Black Women Writing: Short Stories

Date / Time

  • July 15, 2020
    6:30 pm - 8:30 pm
  • August 12, 2020
    6:30 pm - 8:30 pm
  • September 16, 2020
    6:30 pm - 8:30 pm
  • October 14, 2020
    6:30 pm - 8:30 pm


2008-2010 Delancey Place, Philadelphia, Pennsylvania, 19103, United States


Before the first meeting, the Rosenbach will send the Zoom link for course meetings.

Three sponsors provided scholarships for this class. They are Trapeta B. Manson, in honor of her mother Rebecca Gamah Mayson (1947-2018); Yolanda Wisher, in honor of her mother Yvonda Renee Wisher (1955-present); and Harriet’s Bookshop. We thank all three sponsors for their generosity. For information on how to become a sponsor, please email Gwendolyn Donahue at [email protected]


This course will explore the work of five Black women writers from the 19th century to the present-day who have made the short story form their own. We’ll begin with “The Two Offers” (1859) by Frances Ellen Watkins Harper, considered the first short story published by an African American in the United States. From there we’ll dive into selections from five short story collections including The Goodness of St. Rocque and Other Stories (1899) by Alice Dunbar Nelson, whose multidimensional legacy as a writer, educator, and activist will be featured in a groundbreaking Rosenbach exhibition this fall. We’ll encounter “lost” Harlem Renaissance stories by Zora Neale Hurston—flamboyant folklorist, anthropologist and playwright—in Hitting A Straight Lick With a Crooked Stick, just released this year. We’ll read Gorilla, My Love, a book of fifteen first-person stories written between 1960 and 1970 by Toni Cade Bambara, a filmmaker, cultural worker, and professor who spent her last years in Philadelphia. Moving into the 21st century, we’ll check out The Thing Around Your Neck (2009) by award-winning Nigerian author Chimamanda Ngozi Adichie whose TED Talk, “The Danger of a Single Story,” has been viewed more than 22 million times. We’ll finish with Blue Talk and Love (2015) by Mecca Jamilah Sullivan, a Harlem native and Bryn Mawr College professor who pens the voices of today’s young Black women using techniques drawn from hip hop and magical realism. In each session we’ll candidly discuss how these writers have reimagined the world in all its beauty, ugliness, and mystery with Black women and people at the center and helm, choosing the adventure and directing the lens. In each meeting, participants will be guided through brief and playful writing exercises focused on world-building and character creation. Each participant will have the option to develop these in-class writings into their own short story. 

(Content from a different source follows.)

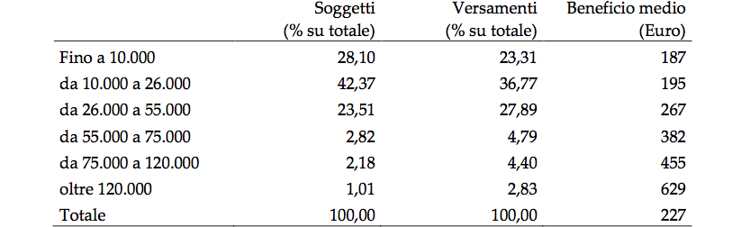 Prevede il totale annullamento della contribuzione IMU per le prime case esclusi gli immobili classificati nelle categorie catastali A/1, A/8 e A/9 analogamente a quanto valeva per la tassa ICI per l’abitazione principale nel 2008. Questa soluzione comporterebbe una perdita di gettito fiscale per le casse dello stato pari a 4 miliardi. Di seguito una tabella contenuta nel documento del Mef che indica i benefici derivanti dall’esenzione dall’ IMU sull’abitazione principale per classi di reddito complessivo dei proprietari: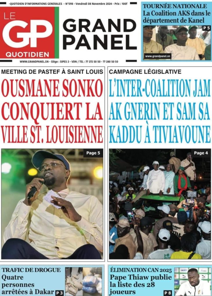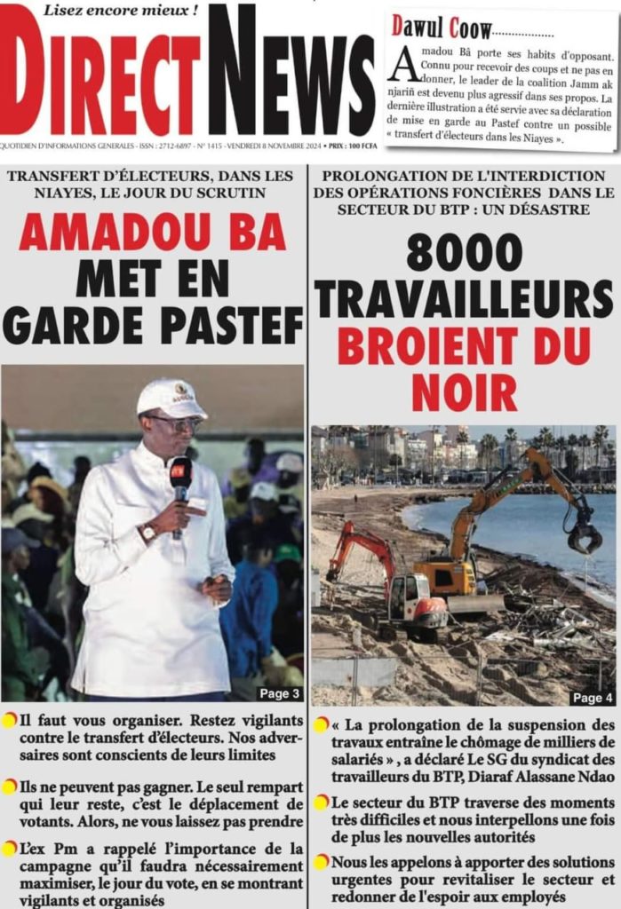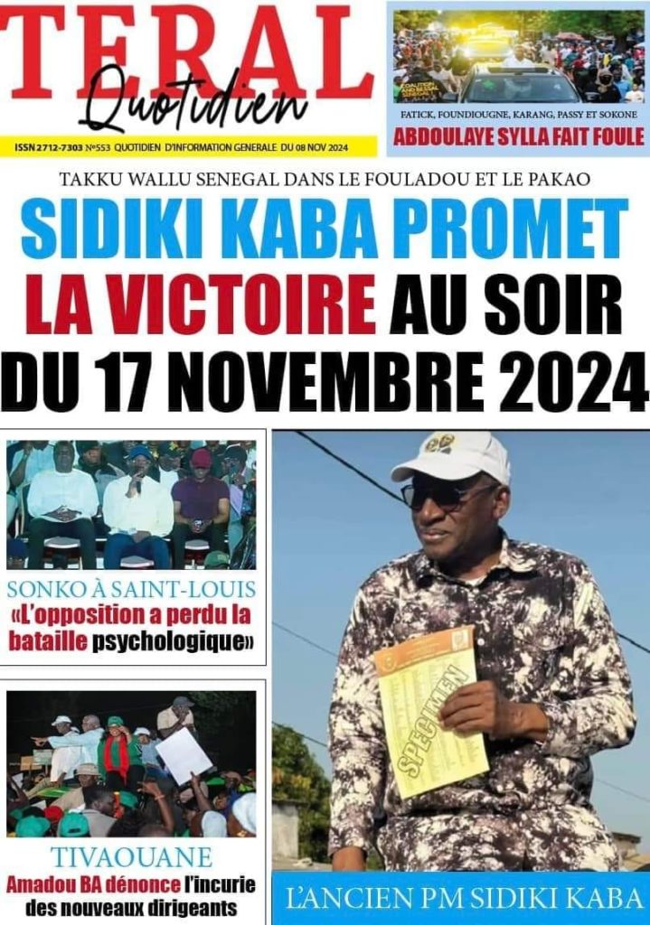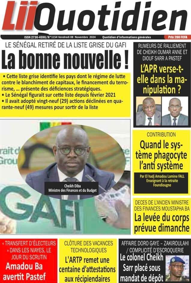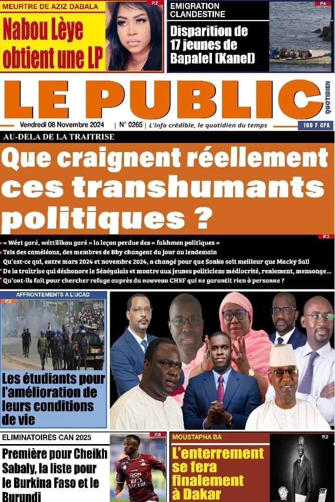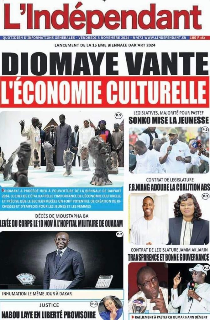 " /> La Une des Quotidiens Nationaux du 08 Novembre 2024 Publié le 8 Nov, 2024 À DÉCOUVRIR Les Unes des quotidiens nationaux du 31 octobre 2025 31 Oct, 2025 La Rédaction de SenCaféActu Partager ->

Black Women Writing syllabus

About the Instructors

Trapeta B. Mayson is the 2020-2021 Philadelphia Poet Laureate. She is a recipient of a Pew Fellowship in Literature, Leeway Transformation Award, Leeway Art and Change Grant and Pennsylvania Council on the Arts Grants. Her work was also nominated for a 2016 Pushcart Prize. Mayson is a Cave Canem and Callaloo Fellow and a 2019 Aspen Words Emerging Writers Fellow with the Aspen Institute. She is the author of She Was Once Herself and Mocha Melodies. Mayson also released two music and poetry projects, SCAT and This Is How We Get Through, in collaboration with internationally acclaimed jazz guitarist, Monnette Sudler. Her other publications include submissions in The American Poetry Review, Epiphany Literary Journal, Aesthetica Magazine, Margie: The American Journal of Poetry among others. Mayson is a native of Liberia. She is a graduate of Temple University, Bryn Mawr Graduate School of Social Work and Social Research and Villanova University School of Business. Currently working in the social services field, Mayson is a member of several local organizations where she uses the arts to mobilize, build community and create change. 


Yolanda Wisher is the author of Monk Eats an Afro (Hanging Loose Press, 2014). Wisher was named the inaugural Poet Laureate of Montgomery County, Pennsylvania in 1999 and the third Poet Laureate of Philadelphia in 2016. A Pew and Cave Canem Fellow, she was a Writer in Residence at Hedgebrook and Aspen Words and the 2017-2018 CPCW Fellow in Poetics and Poetic Practice at the University of Pennsylvania. A former high school English teacher, she has been active in Philadelphia’s artistic and cultural sphere for two decades. Wisher founded and directed a Germantown neighborhood poetry festival, worked as Director of Art Education for Philadelphia Mural Arts, and has spearheaded numerous community-driven programs with partners such as The Philadelphia Museum of Art, Historic Germantown, and the U.S. Department of Arts and Culture. Wisher currently works as the Curator of Spoken Word at Philadelphia Contemporary and regularly performs a unique blend of poetry and song with her band The Afroeaters.